My point is mostly the agenda. I can see a machine having an agenda - even if that agenda is not human or not even understandable. You can call it reward function but that's giving a lot of credit to programmers - which most likely are too far removed from the agenda. Is the machine just answering questions? Well no. If it has cycles to talk to itself (or to two buddies) in the course or pursuing scientific research then perhaps this becomes the agenda (to the expense of other things). That's part of the point: IF the machine develops an agenda then what?

But "knowing best" could be a problem anyway.

And I expect that if we spend a few more minutes we can think of other ways for the situation to go "oops". Oh here is one: two humans / human entities conflicting on giving instructions. Machine soon enough "on its own".

So that I don't think "more specific alignment" can cut it - if we posit a super-human AGI with ways to act on the world.
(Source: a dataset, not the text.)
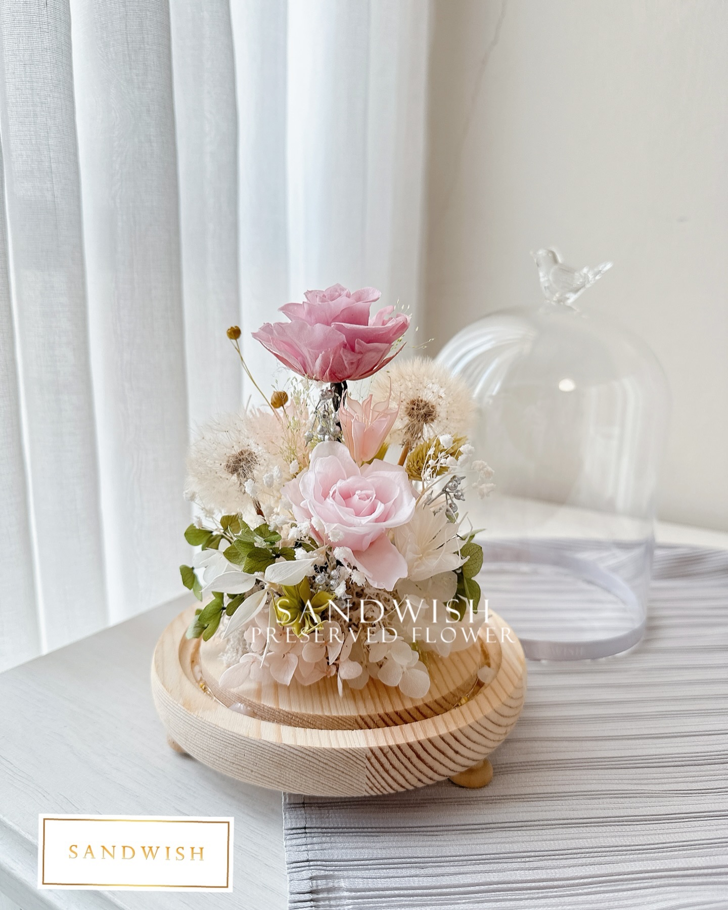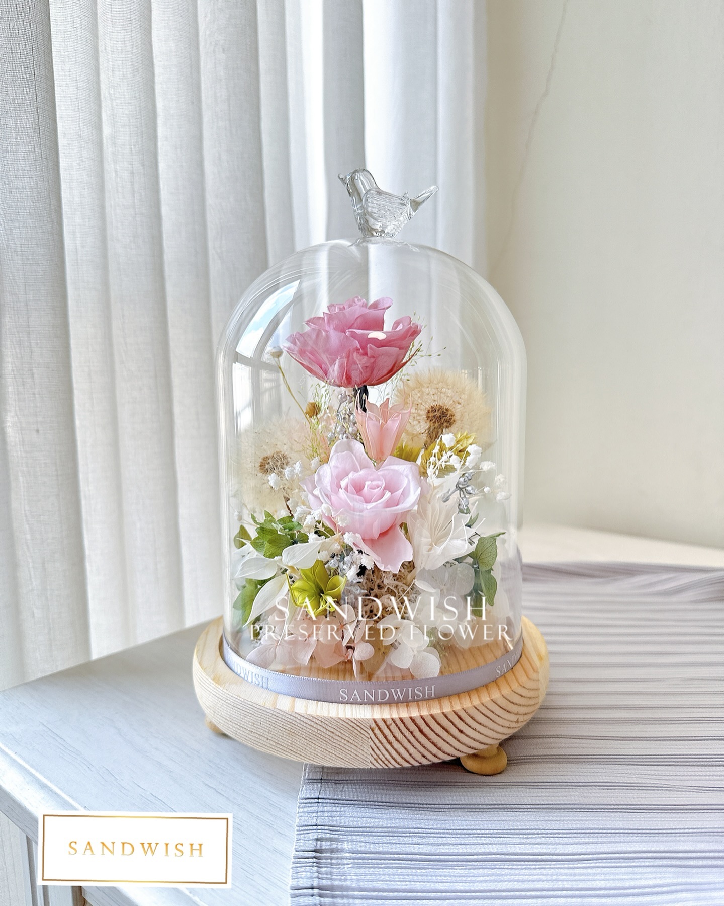 永生花罩鐘-蒲公英永生花(中型)

It would have to be more fundamental. Because of the issue that - at some point - one oops is not recoverable. Three laws or something? Heh.

Ok, those are some good points about what can go wrong. I still doubt that things are particularly more prone to going wrong in more intelligent systems. Wasn't it early, simplistic systems like Tay that went the furthest off the rails? The problem is that more intelligent AI will be used more ambitiously, so when it does go wrong, the consequences might be more serious than some racist twitter posts.
Right. Hedge fund going global threat? That wasn't purely a machine. But none of this needs to be purely a machine. And it sure got far before people reined it back in.

And I don't know that "more intelligent" is necessary. I can see plenty of mirth coming from an amateur or hacker / techies group or less responsible country (hah!) using whatever commercial offer to bake their own agent. What's harder? The core. Hooking up the core to a wallet, internet access, a robo-signing staff - and working around the fine print of the core vendor - that might be much easier than what OpenAI and friends are trying to do. Do they also create their own reward function and alignment in there? Yes. That's part of the fun. That's the point. Do they get it right? Maybe, maybe not.

> Is it fair to say that alignment is just the task of getting an AI to understand your intentions

To understand and not violate them. In other words, it's about aligning the values the AI uses to guide it's decision procedures, with the humans that are operating it.